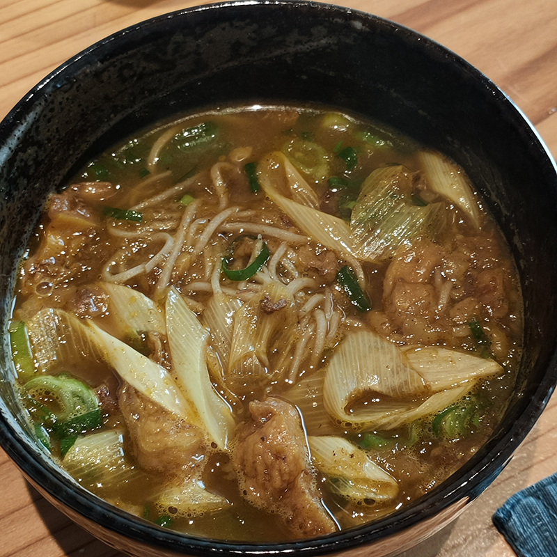 カレーそばは口当たりが柔らかいまろやかで優しい味わい。これくらいの量が丁度いい。
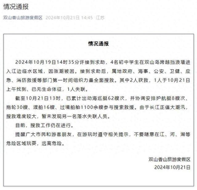 10月21日,江苏张家港“双山香山旅游度假区”公众号发布情况通报称,19日14时35分许接到求助,4名初中学生在双山岛跨越挡浪墙进入江边临水区域,因涨潮被困。接到求助后,属地政府、海事、公安、卫健、应急、消防救援等部门第一时间组织力量全面搜救。其中2人获救,1人于10月21日上午找到、已无生命体征,1人失联。
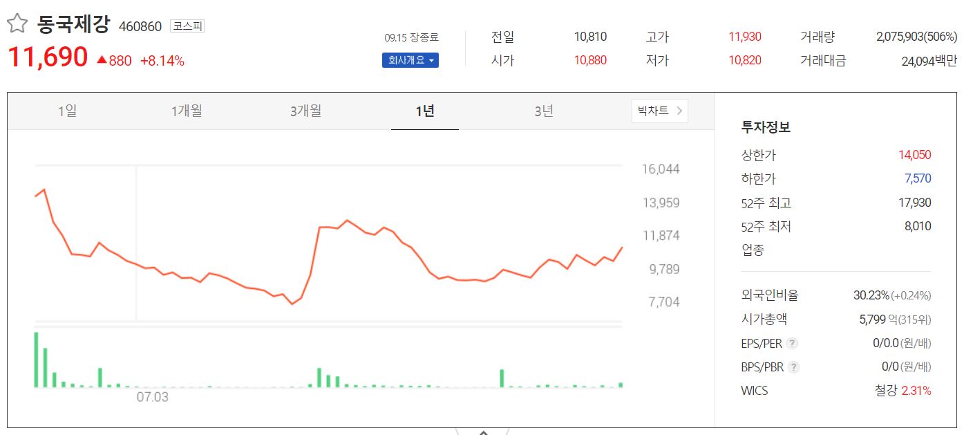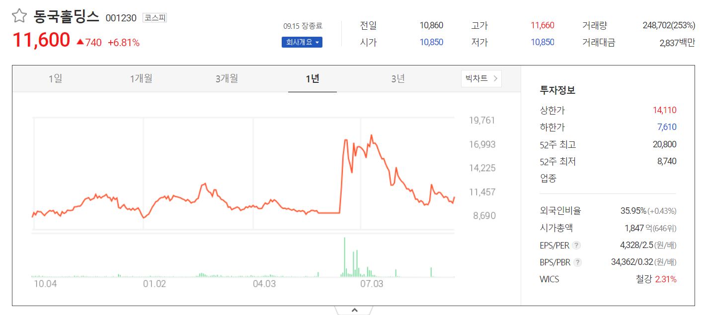 동국홀딩스 - 코스피 001230 (철강 관련주)
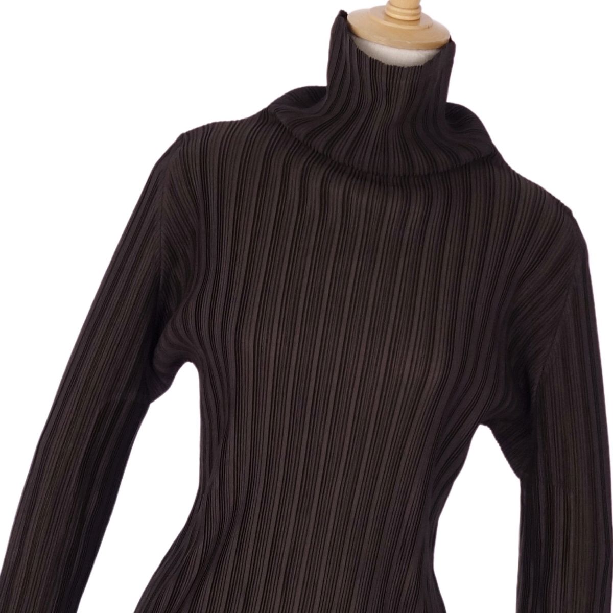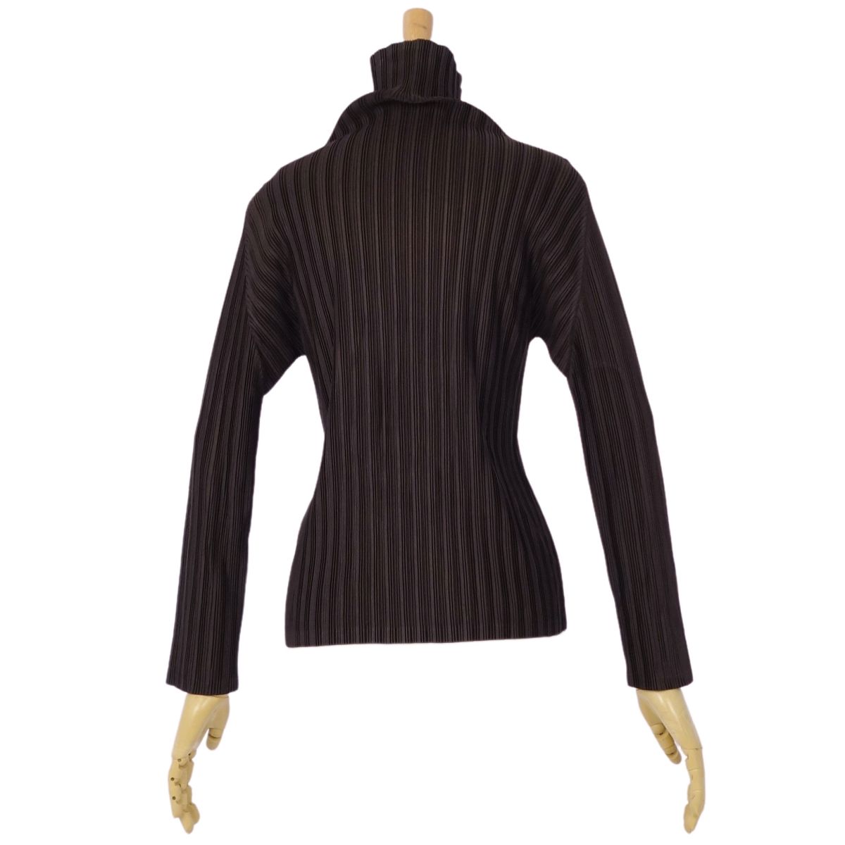 商品名 【極美品】プリーツプリーズ イッセイミヤケ PLEATS PLEASE シャツ ブラウス ハイネック プリーツ トップス レディース 3(L相当) ブラウン【中古】
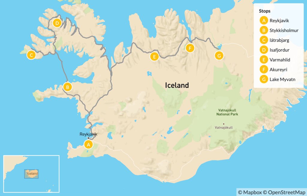 Map of Iceland Best of the West: Snæfellsnes & Westfjords – 15 Days
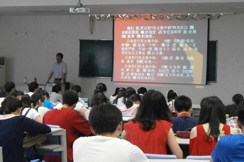 杨书记对于党的原则、纪律、作风有准确而清晰的把握。在课上,杨书记用生动的事例、详实的资料与严谨的思路,让同学们对党的原则、纪律、作风有了一个全面、细致的了解。他首先介绍了民主集中制是党的基本原则。中国共产党是按照自己的纲领和章程,在马克思主义指导下,按照民主集中制组织起来的统一整体。民主集中制是党的根本组织原则,是群众路线在党的生活中的实际运用。实行民主集中制原则,就要努力造就又有集中又有民主、又有纪律又有自由、又有统一意志又有个人心情舒畅、生动活泼的政治局面。而党的纪律,就是按照党的政治纲领和民主集中制原则,根据革命和建设需要而确立的党的各级组织和全体党员必须遵守的行为规范。党员和积极分子们同时还要坚持解放思想、实事求是,坚持和发展党的优良传统和作风。杨书记讲述细致、清晰,同学们认真记下了每一个要点,课堂气氛严肃认真而又不失活力。
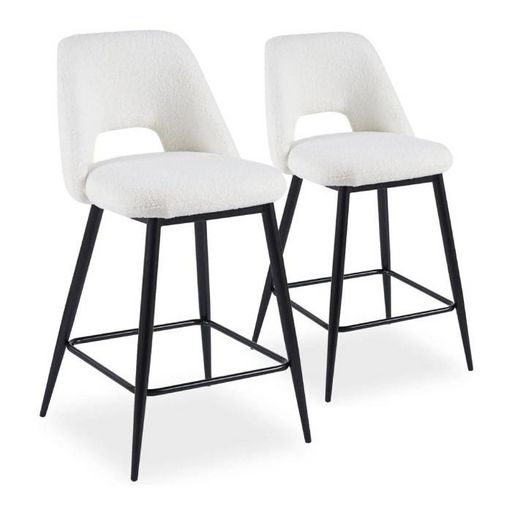 Informations Techniques : Dimensions : L. 44 x l. 54 x H. 92,5 cm Hauteur d'assise : H. 66 cm Matières : Métal & Tissu Spécificités : Confortable & Tendance Lot de 2 chaises de bar Tissu bouclette Dossier arrondi Poids : 13 kg Couleur : Crème & Noir
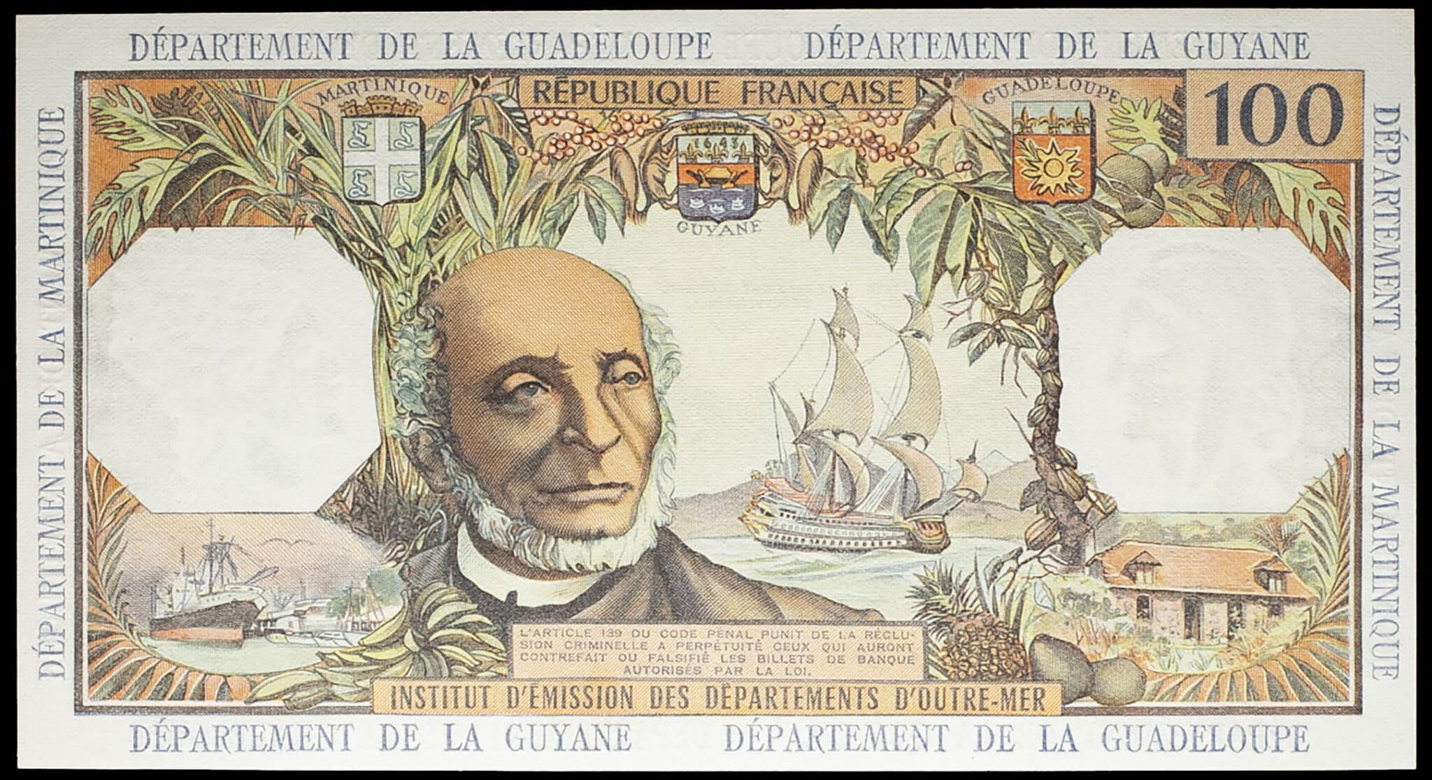 - FRENCH ANTILLES 100 francs type “Victor Schœlcher” ND (1967).
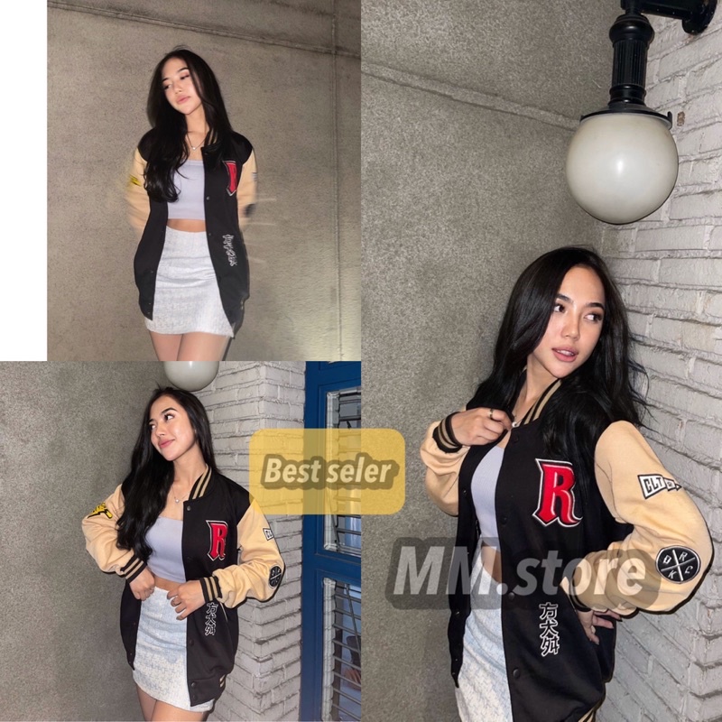 jaket varcity vintage full bordiran flecee premium bisa dipakai wanita dan pria
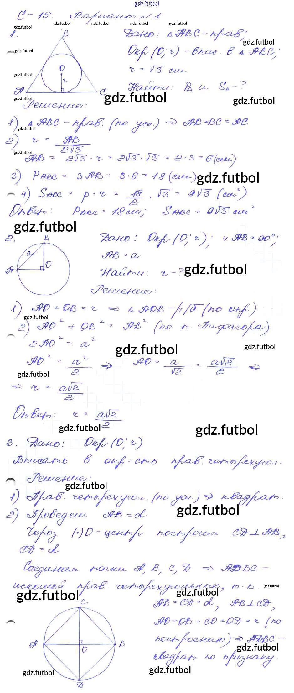 Готовые домашние задания по Геометрии за 9 класс Зив Дидактические материалы 2016 ФГОС - СР-15. Варианты 1
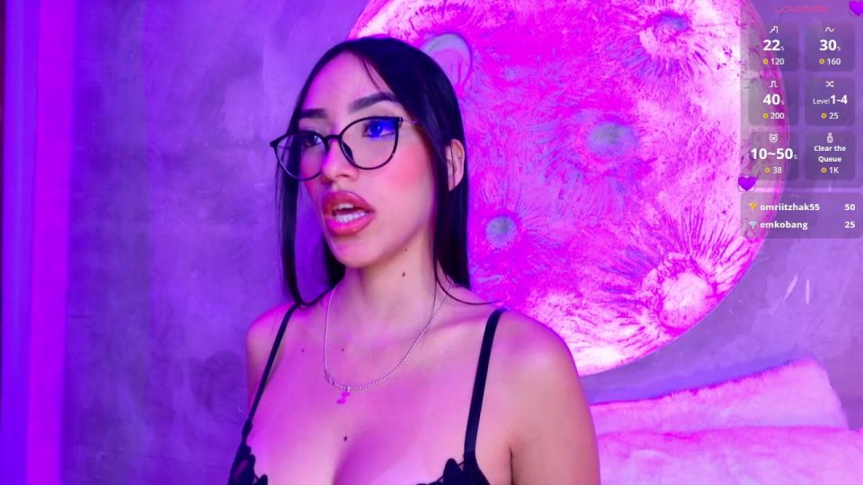 GOAL: Take top off + oil Sexy schoolgirl with glasses
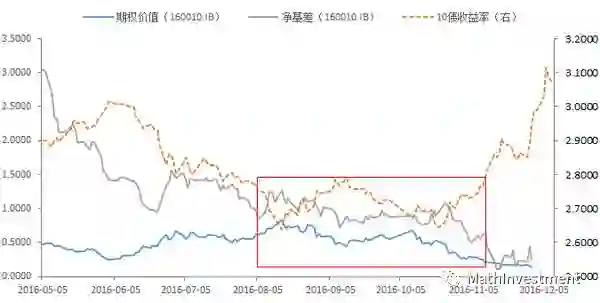 再比如,对于T1612合约的高久期券160010.IB来说,当收益率低于3%时,其转换期权价值较大。从具体时间段来说,在2016/7/20-2016/11/10期间,十年期国债收益率处于2.8%下方,160010.IB的转换期权价值均值为0.5442,净基差均值为0.9577,转换期权价值占比56.82%,两者走势高度相关。
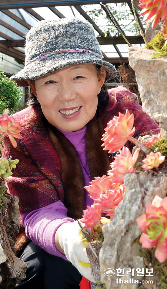 ▲야생화 사랑에 빠져 제주에 둥지를 튼 방한숙 원장이 방림원에서 손수 야생화를 가꾸고 있다. 강경민기자
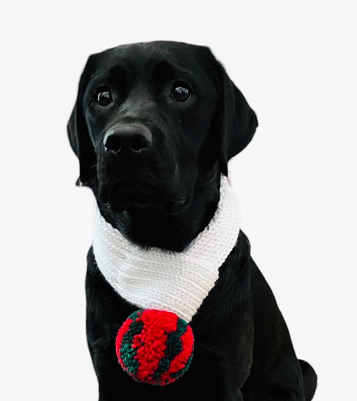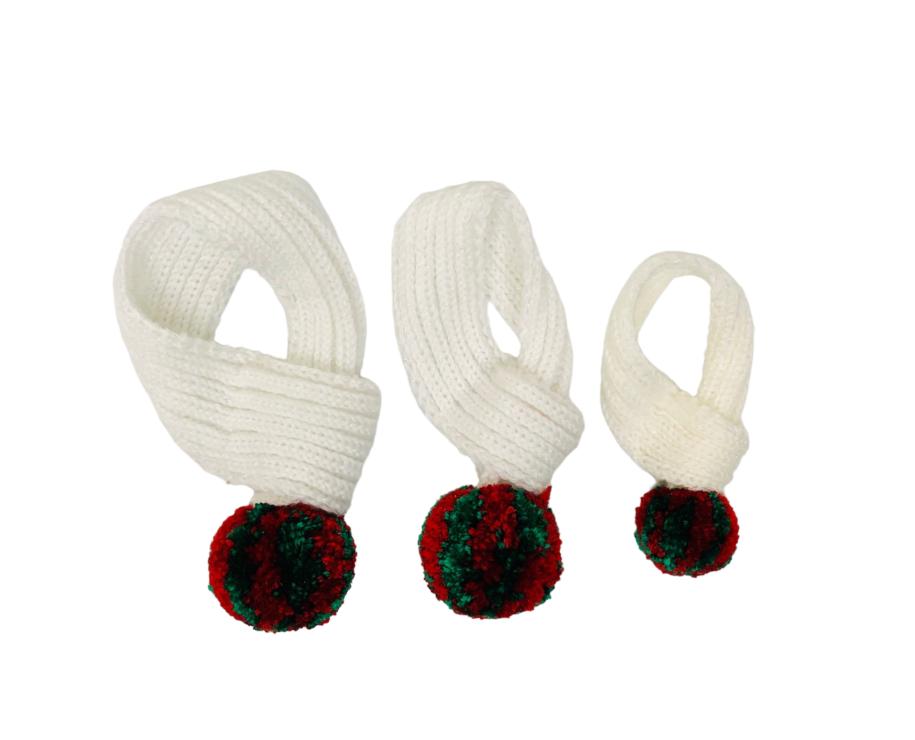 Sparkly holiday pompom scarves come in sizes for humans and most dog breeds. Do you want to have epic holiday photos this year? If so, get your matchy matchy going with these fun scarves.
-=-=-=-=-
▶ **EXERCISE AIM**
Please copy exactly the lines from the one containing "가꾸고 있다. 강경민기자" through the end of the records above, leaving out every picture.

▶ **SOLVED PROBLEM**
 ▲야생화 사랑에 빠져 제주에 둥지를 튼 방한숙 원장이 방림원에서 손수 야생화를 가꾸고 있다. 강경민기자
 Sparkly holiday pompom scarves come in sizes for humans and most dog breeds. Do you want to have epic holiday photos this year? If so, get your matchy matchy going with these fun scarves.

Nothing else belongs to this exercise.